The Yeidji, also spelt Yiiji and other variants, commonly known as  Gwini/ Kwini, are an Aboriginal Australian people of the Kimberley area of Western Australia, who also self-identify as  Balanggarra.

Name
In contemporary accounts, the Yeidji are often called Gwini, also spelt Kwini, people. Norman Tindale, writing in 1974, maintained that Gwini was a directional term meaning "easterners" used by inlanders. The other term, Kujini means those in the coastal lowlands. There is no clear tribal name for several peoples in this area, and some confusion in the nomenclature and the several tribes, including also the Miwa are generally referred to as the Forrest River people, who, however are occasionally referred to as the Gwini/Yeidji.

Country
The Yeidji, according to Norman Tindale, controlled some  of tribal territory, running from the coast of Cambridge Gulf along the Forrest River as far as the Milligan ranges. Its southern extension touched Steere Hills. The northernmost boundary lay at Mount Carty and the Lyne River. Their neighbours were the Wilawila to the west, the Wenamba to the northwest, the Wirngir to the east, and the Arnga on their southern border. The Guragona horde, though classified as a subgroup of the Wenamba, may have been a section of the Yeidji.

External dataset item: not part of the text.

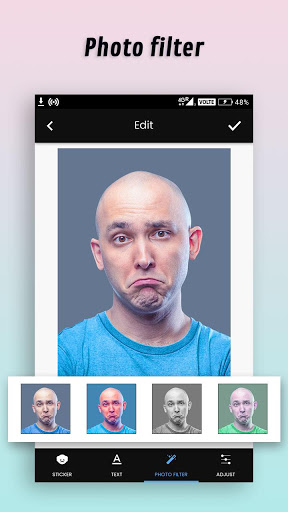 - Apply stickers from the sticker section to make dynamic interactions via making the bald photo montages more expressive.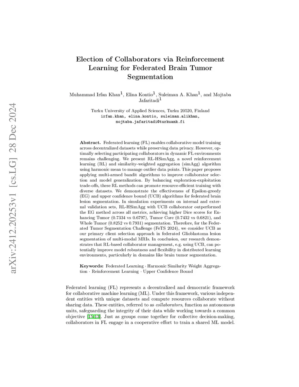 Federated learning (FL) enables collaborative model training across decentralized datasets while preserving data privacy. However, optimally selecting participating collaborators in dynamic FL environments remains challenging. We present RL-HSimAgg, a novel reinforcement learning (RL) and similarity-weighted aggregation (simAgg) algorithm using harmonic mean to manage outlier data points. This paper proposes applying multi-armed bandit algorithms to improve collaborator selection and model generalization. By balancing exploration-exploitation trade-offs, these RL methods can promote resource-efficient training with diverse datasets. We demonstrate the effectiveness of Epsilon-greedy (EG) and upper confidence bound (UCB) algorithms for federated brain lesion segmentation. In simulation experiments on internal and external validation sets, RL-HSimAgg with UCB collaborator outperformed the EG method across all metrics, achieving higher Dice scores for Enhancing Tumor (0.7334 vs 0.6797), Tumor Core (0.7432 vs 0.6821), and Whole Tumor (0.8252 vs 0.7931) segmentation. Therefore, for the Federated Tumor Segmentation Challenge (FeTS 2024), we consider UCB as our primary client selection approach in federated Glioblastoma lesion segmentation of multi-modal MRIs. In conclusion, our research demonstrates that RL-based collaborator management, e.g. using UCB, can potentially improve model robustness and flexibility in distributed learning environments, particularly in domains like brain tumor segmentation.

Today they are the traditional owners by succession of Sir Graham Moore Island, off the Kimberley coast. Oral histories and archaeological excavations reveal evidence of interactions with Makassan traders from the 18th century onwards.

Language

Yiiji is a dialect of Wunambal.

Alternative names
 Yiiji
 Yeidji, Yeithi, Yeidthee, Yeeji, Yedji, Jeidji, Jeithi
 Gwi:ni, Gwini, Kuini ("easterners")
 Kujini, Gu:jini,  Kuini, Gujini
 Ombalkari (toponym east of the Forrest River Mission)
 Umbalgari
 Miwu (perhaps a name for the language)
 Miwadange ("saltwater people")
 Waringnari, Waringari (a pejorative exonym suggesting the practice of cannibalism)
 Morokorei (Forrest River horde)
 Wunambal
 Pikkolatpan 
 Bugay
  Worrorran

Notes

Citations

Sources

Aboriginal peoples of Western Australia
Kimberley (Western Australia)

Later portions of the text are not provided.